:: Information shown

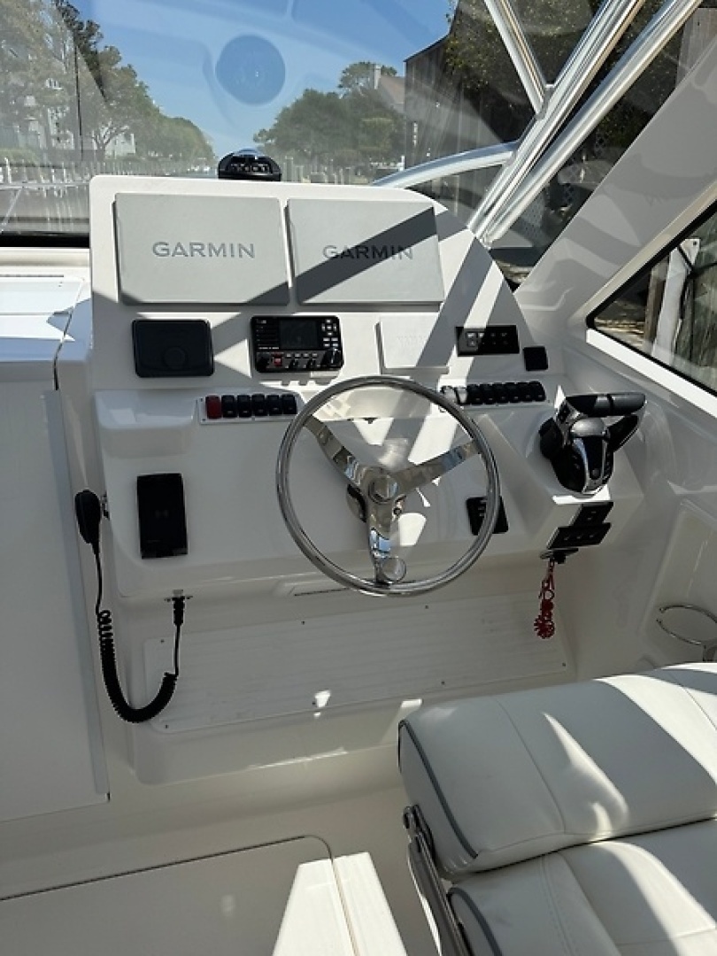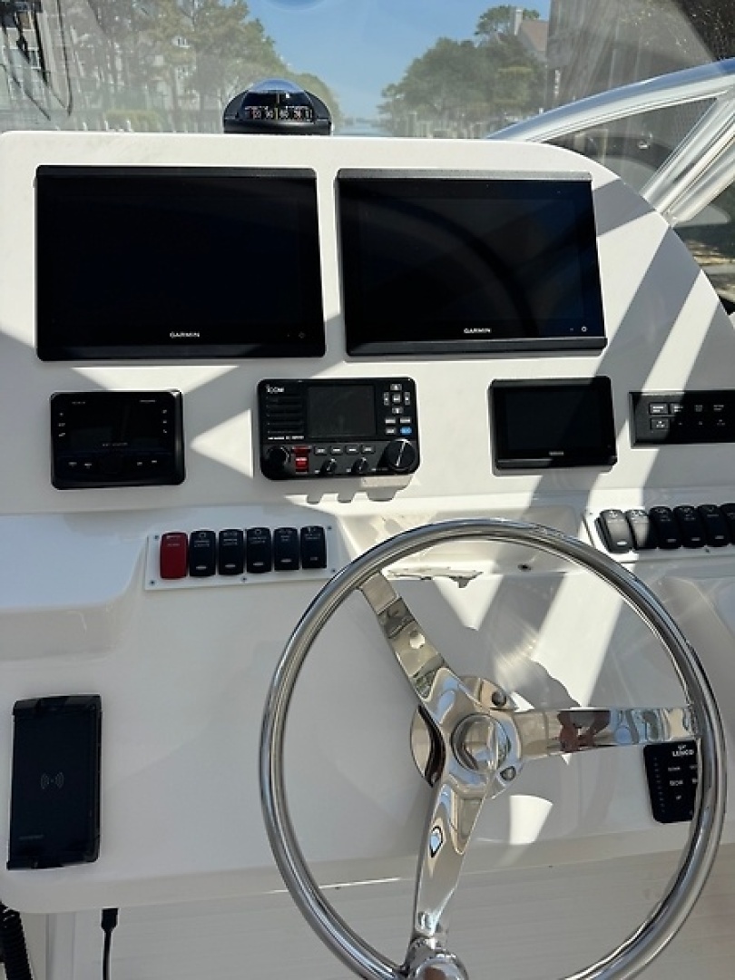 This is a like new Albemarle 30 Express with tower! Engines have less than 140 hours since new! It features a full cabin with v-berth, enclosed head, and galley. She is a fast pocket fisherman with cruising accommodations!
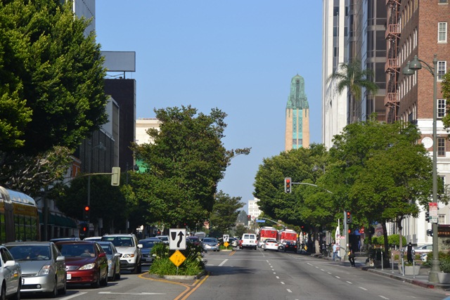 More trees – and way more traffic. No mid-block jaywalkers idling their way across Wilshire Boulevard – nor, with very few exceptions, anywhere else in Los Angeles. Like, for instance, here:
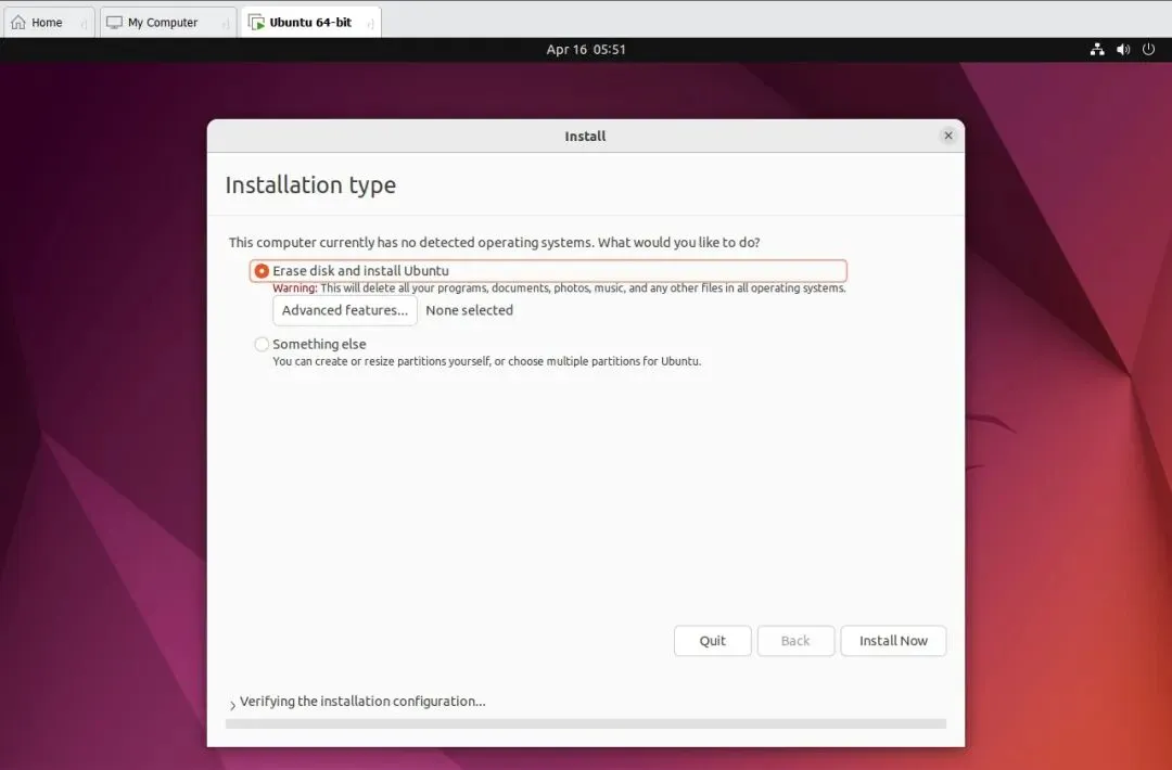 磁盘处理: 选择 Erase disk and install Ubuntu。别担心,这里擦除的是虚拟机内部的虚拟硬盘,不是你真实的Windows硬盘!

::::

### Exercise requirements
Would you reproduce each line of the material exactly, omitting the images?

### Expected output
 This is a like new Albemarle 30 Express with tower! Engines have less than 140 hours since new! It features a full cabin with v-berth, enclosed head, and galley. She is a fast pocket fisherman with cruising accommodations!
 More trees – and way more traffic. No mid-block jaywalkers idling their way across Wilshire Boulevard – nor, with very few exceptions, anywhere else in Los Angeles. Like, for instance, here:
 磁盘处理: 选择 Erase disk and install Ubuntu。别担心,这里擦除的是虚拟机内部的虚拟硬盘,不是你真实的Windows硬盘!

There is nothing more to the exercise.